Compliance Policy #908
After an offense or violation of the Hospital's compliance standards or policies has been detected, the Hospital will take all reasonable steps to respond appropriately to the offense or violation and to prevent further similar offenses or violations including any necessary modifications to the Hospital's compliance program to prevent and detect violations of the law or of the Hospital's compliance standards or policies.
Responsibility: All Hospital Personnel
It is the Hospital's policy to take all reports of misconduct or wrongdoing seriously. Any such report, regardless of how or to whom the report was made, shall be forwarded to the Compliance Officer, who shall assure that the
following steps, as applicable, are taken:
1. A written record of the report shall be made using a form approved by legal counsel. The Compliance Officer shall take reasonable steps to obtain all information called for on the form.
2. No promises will be made to the person making the report regarding his or her liability, confidentiality of his or her identify or what steps the Hospital may take in response to the report.
3. The Compliance Officer, in consultation with the Chief Executive Officer and legal counsel, as necessary, shall determine whether the alleged wrongdoing is a violation of state or federal law (and if so, whether the violation is a criminal offense), a violation of the Hospital's compliance standards, poses a risk to patients or the public or otherwise puts the Hospital at risk of economic injury, civil or criminal liability or injury to the Hospital's reputation.
4. The Compliance Officer, in consultation with the Chief Executive Officer and legal counsel as necessary, shall determine, commensurate with the gravity of the allegation, what steps will be taken to investigate the report. The
Compliance Officer may investigate the report or may delegate the responsibility for such investigation to an appropriate person within or outside the Hospital.
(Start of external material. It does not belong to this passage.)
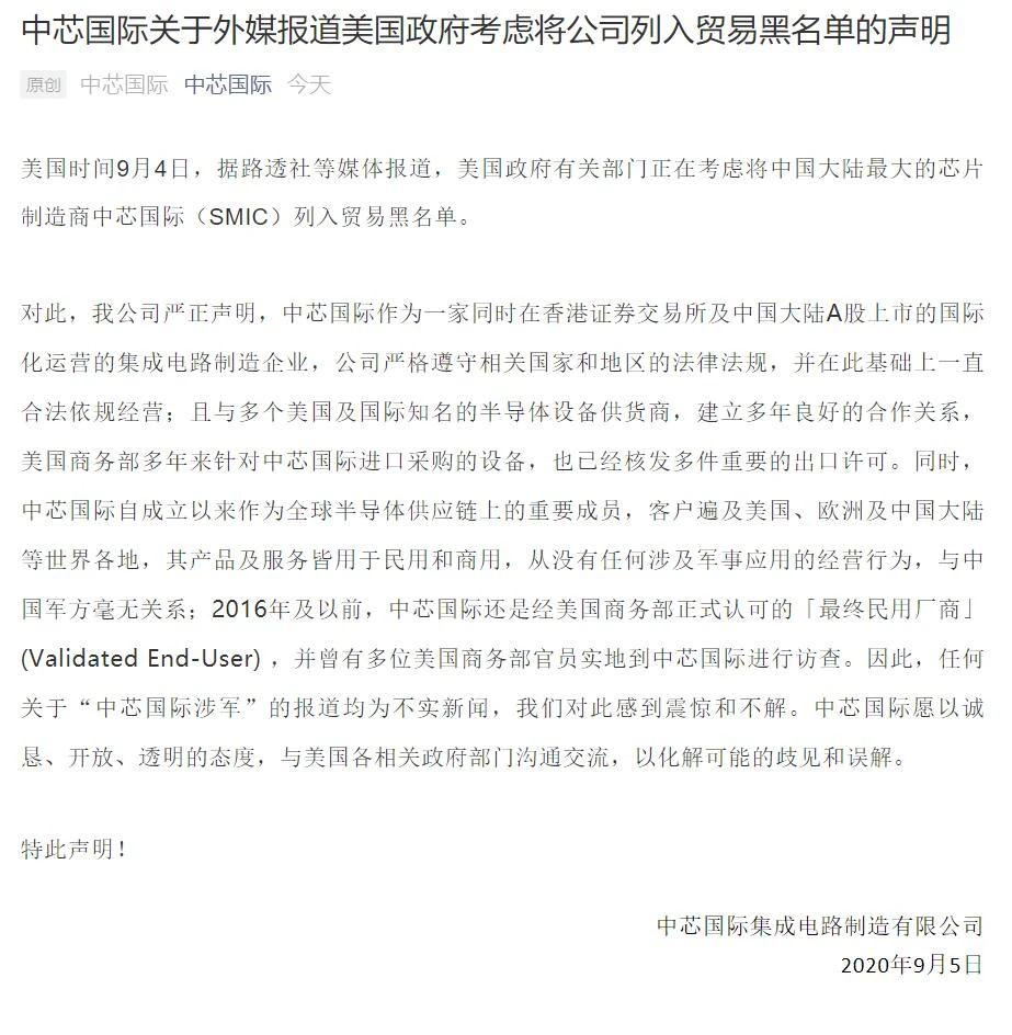 任何关于“中芯国际涉军”的报道均为不实新闻,我们对此感到震惊和不解。中芯国际愿以诚恳、开放、透明的态度,与美国各相关政府部门沟通交流,以化解可能的歧见和误解。

5. The investigation may include, as appropriate, review of documents, witness interviews, audits of Hospital practices, and other appropriate actions. The person responsible for conducting the investigation shall keep a record of all activities undertaken in the course of the investigation. The final investigation report shall be provided to the Compliance Officer (if conducted by someone other than the Compliance Officer), and to the Chief ExecutiveOfficer, Compliance Committee and/or Board, as necessary and appropriate.
6. If the Compliance Officer, after consultation with the appropriate department director, believes that the integrity of the Hospital's investigation is compromised because of the presence of any employee under investigation, such employee shall be removed from his or her current work activity until the investigation is complete.
7. The Compliance Officer, or other person conducting the investigation, shall take appropriate steps to secure or prevent the destruction of documents or other evidence relevant to the investigation.
8. After the investigation is completed, the Compliance Officer shall, in consultation with legal counsel as necessary, determine whether a violation of state or federal law or the Hospital's compliance standards and polices has occurred. The Compliance Officer shall, in consultation with legal counsel as necessary, and the Chief Executive Officer, Compliance Committee or other appropriate Hospital personnel, develop a plan for corrective action to remedy the violation. Such plan for corrective action shall include education of Hospital employees and/or contractors as appropriate and, if applicable, any appropriate disciplinary action against any employees engaged in the misconduct or wrongdoing, in accordance with Compliance Policies #6, and 6A.
9. As part of the Compliance Office's regular reports to the Chief Executive Officer, Compliance Committee and Board of Directors, the Compliance Officer shall include a report summarizing all bona fide reports of wrongdoing,including the results of any investigation and any subsequent disciplinary or remedial actions taken.
10. All records of reports of misconduct or wrongdoing, including initial reports, records of investigations, and corrective action plans, shall be prepared and maintained in such a manner as to preserve all applicable legal
privileges, including the attorney-client, work product and self-evaluative privileges, as appropriate. All such records shall be retained for the period of time specified in the Hospital's record retention policies.
11. The Compliance Officer shall monitor the implementation of all corrective action plans on a regular basis to assure that the plans are properly implemented and the misconduct or wrongdoing has been corrected and has not reoccurred.